**INPUT RECORDS**

=== Section Start ===

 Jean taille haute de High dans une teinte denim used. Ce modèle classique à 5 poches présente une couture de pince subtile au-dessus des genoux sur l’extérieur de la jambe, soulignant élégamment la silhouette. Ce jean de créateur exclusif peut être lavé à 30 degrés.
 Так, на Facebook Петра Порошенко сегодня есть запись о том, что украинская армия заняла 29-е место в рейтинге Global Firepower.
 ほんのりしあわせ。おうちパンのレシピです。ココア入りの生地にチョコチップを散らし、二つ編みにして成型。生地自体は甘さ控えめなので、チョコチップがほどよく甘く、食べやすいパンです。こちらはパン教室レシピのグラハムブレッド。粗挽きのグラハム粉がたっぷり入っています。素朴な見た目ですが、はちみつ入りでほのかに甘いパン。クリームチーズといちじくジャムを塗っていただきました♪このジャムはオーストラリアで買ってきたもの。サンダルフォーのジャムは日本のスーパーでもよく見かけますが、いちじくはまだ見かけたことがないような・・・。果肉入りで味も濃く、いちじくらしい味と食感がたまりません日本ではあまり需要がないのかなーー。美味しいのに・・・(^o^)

=== Section End ===
=== Section Start ===

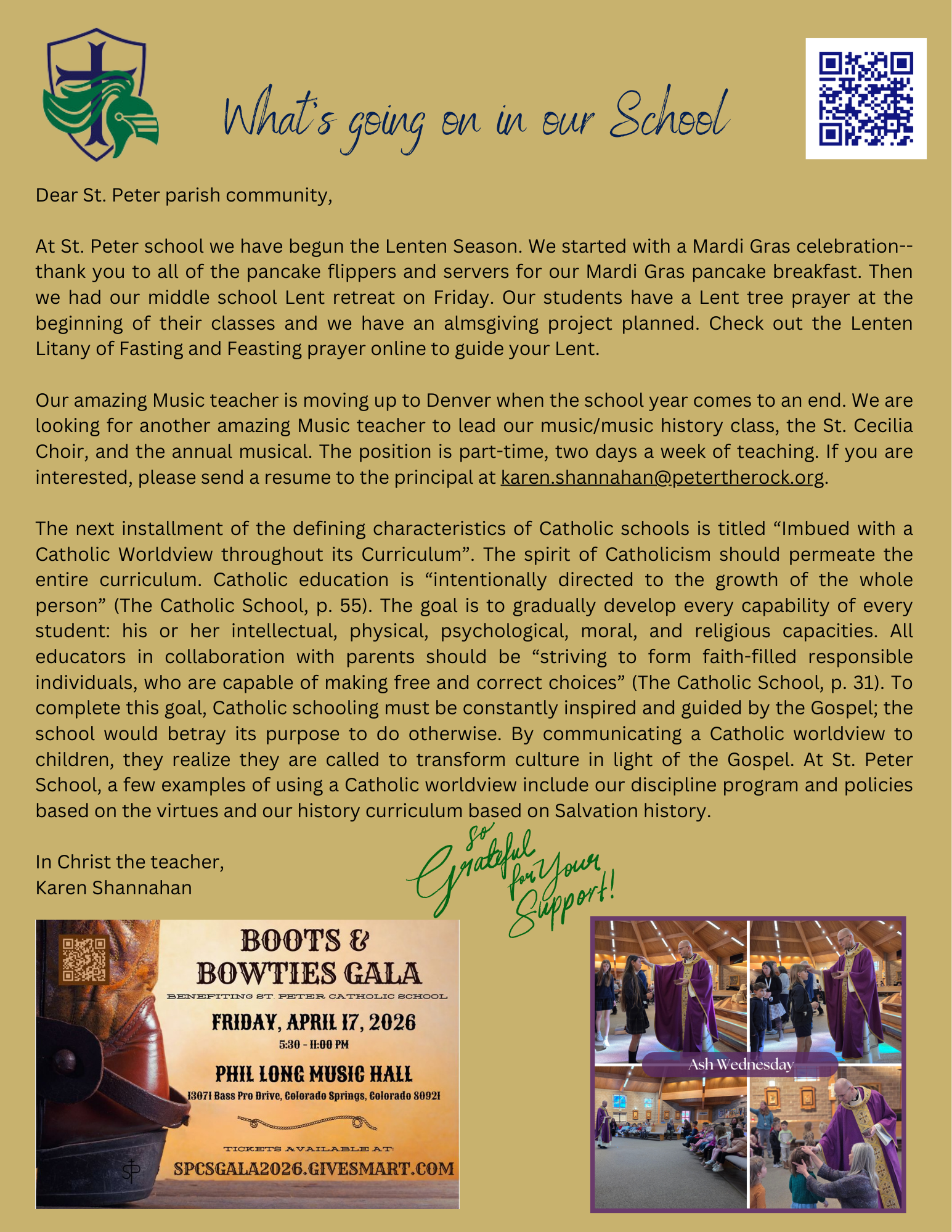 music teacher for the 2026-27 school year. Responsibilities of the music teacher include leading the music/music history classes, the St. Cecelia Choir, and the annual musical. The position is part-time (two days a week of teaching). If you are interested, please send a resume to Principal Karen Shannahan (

=== Section End ===
=== Section Start ===

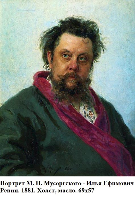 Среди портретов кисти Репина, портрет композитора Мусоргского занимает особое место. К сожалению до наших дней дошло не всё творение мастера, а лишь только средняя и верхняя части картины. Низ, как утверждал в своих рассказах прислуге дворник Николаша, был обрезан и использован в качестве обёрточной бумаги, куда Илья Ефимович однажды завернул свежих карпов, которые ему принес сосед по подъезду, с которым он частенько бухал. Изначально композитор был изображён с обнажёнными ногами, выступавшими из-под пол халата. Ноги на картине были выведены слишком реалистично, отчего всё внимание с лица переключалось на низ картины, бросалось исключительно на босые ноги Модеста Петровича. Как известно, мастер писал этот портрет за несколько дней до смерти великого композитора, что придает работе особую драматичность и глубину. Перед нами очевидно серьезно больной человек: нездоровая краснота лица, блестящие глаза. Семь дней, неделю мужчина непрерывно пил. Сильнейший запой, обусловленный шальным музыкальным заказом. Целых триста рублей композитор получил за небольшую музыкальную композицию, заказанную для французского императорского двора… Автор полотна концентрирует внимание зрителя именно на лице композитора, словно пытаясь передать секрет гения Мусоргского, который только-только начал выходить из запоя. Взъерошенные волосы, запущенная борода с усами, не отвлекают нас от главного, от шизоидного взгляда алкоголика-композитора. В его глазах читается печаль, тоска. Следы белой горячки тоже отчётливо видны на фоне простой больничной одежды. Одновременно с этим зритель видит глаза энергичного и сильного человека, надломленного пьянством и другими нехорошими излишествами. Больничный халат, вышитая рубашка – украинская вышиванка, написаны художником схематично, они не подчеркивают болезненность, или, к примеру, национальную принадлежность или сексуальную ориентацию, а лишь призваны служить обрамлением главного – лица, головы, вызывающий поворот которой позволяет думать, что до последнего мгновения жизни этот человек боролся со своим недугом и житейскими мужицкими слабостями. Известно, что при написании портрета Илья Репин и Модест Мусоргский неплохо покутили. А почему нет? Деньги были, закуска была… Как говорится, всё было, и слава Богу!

=== Section End ===

**PROBLEM DETAILS**
Could you transcribe the entries above word for word, from the line with "Jean taille haute" down to the line with "ほんのりしあわせ。おうちパン", keeping both?

**RESPONSE TO THE TASK**
 Jean taille haute de High dans une teinte denim used. Ce modèle classique à 5 poches présente une couture de pince subtile au-dessus des genoux sur l’extérieur de la jambe, soulignant élégamment la silhouette. Ce jean de créateur exclusif peut être lavé à 30 degrés.
 Так, на Facebook Петра Порошенко сегодня есть запись о том, что украинская армия заняла 29-е место в рейтинге Global Firepower.
 ほんのりしあわせ。おうちパンのレシピです。ココア入りの生地にチョコチップを散らし、二つ編みにして成型。生地自体は甘さ控えめなので、チョコチップがほどよく甘く、食べやすいパンです。こちらはパン教室レシピのグラハムブレッド。粗挽きのグラハム粉がたっぷり入っています。素朴な見た目ですが、はちみつ入りでほのかに甘いパン。クリームチーズといちじくジャムを塗っていただきました♪このジャムはオーストラリアで買ってきたもの。サンダルフォーのジャムは日本のスーパーでもよく見かけますが、いちじくはまだ見かけたことがないような・・・。果肉入りで味も濃く、いちじくらしい味と食感がたまりません日本ではあまり需要がないのかなーー。美味しいのに・・・(^o^)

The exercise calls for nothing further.